Он пересек двор и вошел в мастерскую Таша, где каждая мелочь, каждый предмет мебели и даже стены — всё напоминало о ней. Здесь они занимались любовью, лелеяли мечты, планировали будущее — и Таша полностью принадлежала ему. Тут стоял особенный запах: смесь скипидара и знакомых духов с оттенком ладана. Виктор вспомнил, как накануне сжимал Таша в объятиях, и улыбнулся. Даже царивший тут художественный беспорядок — и тот был ему по душе. Он прошел по следам Таша — разбросанным белью и обуви — до кровати и погладил ладонью простыни, из которых с таким сожалением выбрался несколько часов назад, когда Таша еще спала безмятежным сном младенца. Утром он всегда желал ее еще сильнее, чем вечером.

Он подобрал корсет и панталоны, валявшиеся на полу, расправил подушки. Под ноги ему порхнул листочек бумаги. Письмо. Виктор безотчетно пробежал взглядом по строкам, написанным уверенным квадратным почерком.

…Сгораю от желания сжать тебя в объятиях. После Берлина — такого строгого, застегнутого на все пуговицы, — я мечтаю сесть рядом с тобой за круглым маленьким столиком на веранде какого-нибудь легкомысленного кафе…
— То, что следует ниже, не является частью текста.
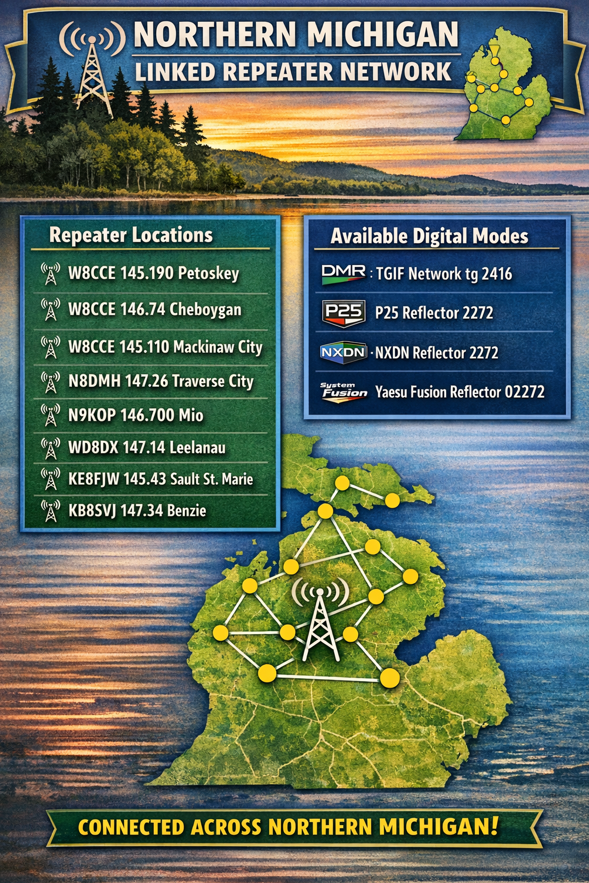 “Welcome to the Northern Michigan Linked Repeater Network. While our primary mission is serving District 7 AuxComm with reliable, wide-area communications, we invite all amateur radio operators to join the conversation. Whether you are a local resident or just traveling through, please use the guide below to connect via our analog repeaters or digital modes.”

Письмо выскользнуло у него из рук и упало на кровать. Какое-то время Виктор слепо повиновался командам мозга: аккуратно свернуть кофточку, выбросить зачерствевший хлеб, помыть стаканы. Боль пришла неожиданно, застав его врасплох, и он застыл над раковиной со стаканом в руке.


Кляча медленно тащилась по многолюдной улице де Пирене, а потом и вовсе встала, пропуская стадо коров.

— Быстрее, быстрее! — нетерпеливо крикнула Таша, высовываясь из дверцы фиакра.

Часы, проведенные в издательстве, помогли ей скоротать время, но еще больше распалили нетерпение.

Фиакр свернул на улицу Партан, миновал больницу Тенон и покатил по улице де ля Шин. Здесь заканчивался Париж, спроектированный бароном Османом,[73] и начинался Париж Эжена Сю. В лабиринте извилистых улиц с экзотическими названиями, в этих тесных двориках нищета прятала свои язвы и струпья.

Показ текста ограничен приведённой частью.